Now, what is Intellectual Property? According to the World Intellectual Property Organization(WIPO), Intellectual Property refers to creations of the mind, such as inventions; literary and artistic works; designs and symbols, names and images used in commerce.1 Simply put, ownership of intangible property (including scientific discovery, innovations, artistic creation and performances, music etc.) is classified as Intellectual Property as they are creations or products of the mind and intellect. Essentially, an owner of a property whether intellectual(intangible) or physical(tangible) is entitled to a fair use and enjoyment of his or her property without disturbance or theft by another. This fundamental provision is enshrined in Chapter IV of the 1999 Constitution of the Federal Republic of Nigeria (as amended). Following this, there are specific international and local legal frameworks, resolutions, treaties and conventions for the protection of the Intellectual Property of creatives. This article purports to examine some of these legal frameworks and the mechanisms for enforcement of the attending rights.

WHO IS A CREATIVE?

A person with the ability to invent and develop original ideas.2 A person can be termed a creative on the premise of his/her ability to invent, create and innovate. This covers all spheres including entertainment, science and arts.

WHAT ARE THE FORMS OF INTELLECTUAL PROPERTY(IP)

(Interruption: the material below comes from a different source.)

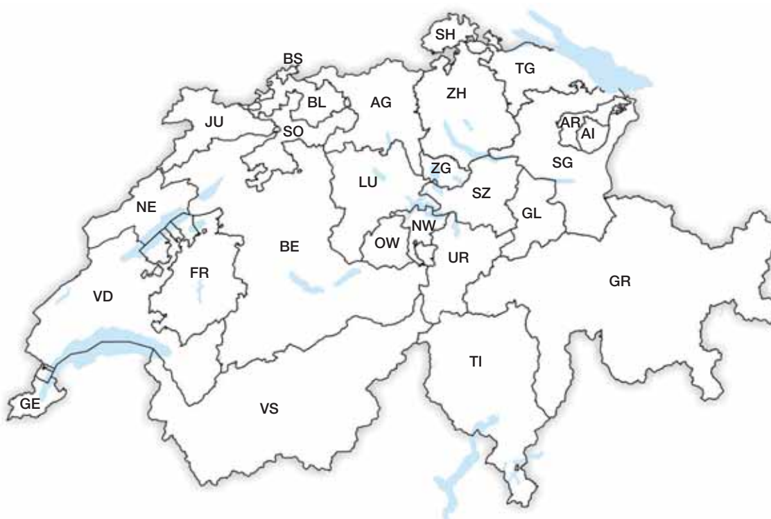
Die Schweiz und ihre 23 Kantone

Den Umfang der Gemeindeautonomie bestimmen die einzelnen Kantone – er ist deshalb recht unterschiedlich.

The diverse expressions of creativity can be classified into the following forms/types:

  • Copyright
  • Trademark
  • Patent
  • Trade secret
  • Industrial designs
  • Geographical indications.

WHAT IS COPYRIGHT?

Copyright is the rights that creatives have in their literary, artistic or scientific works. These rights can be classified as economic and moral. The economic right of a creative is essentially the right of said creative over the distribution of his or her work and the economic/financial benefit accruing from it. Creatives in the exercise of their economic rights can restrict the use of their work without permission. The moral right of a creative is the right of said creative to be acknowledged as the creator, inventor or author of a work.3

WHAT CAN BE PROTECTED BY COPYRIGHT LAW IN NIGERIA?

The Nigerian Copyright Act 2022, (The Act) provides that literary works, musical works, artistic works, cinematography films, sound recordings and broadcasts are eligible for Copyright.4 Following this, creators of works under the above listed are entitled and eligible for copyright. The Act provides automatic protection to completed works under any of the above categories.

WHAT ARE THE EXTANT LAWS ON COPYRIGHT IN NIGERIA?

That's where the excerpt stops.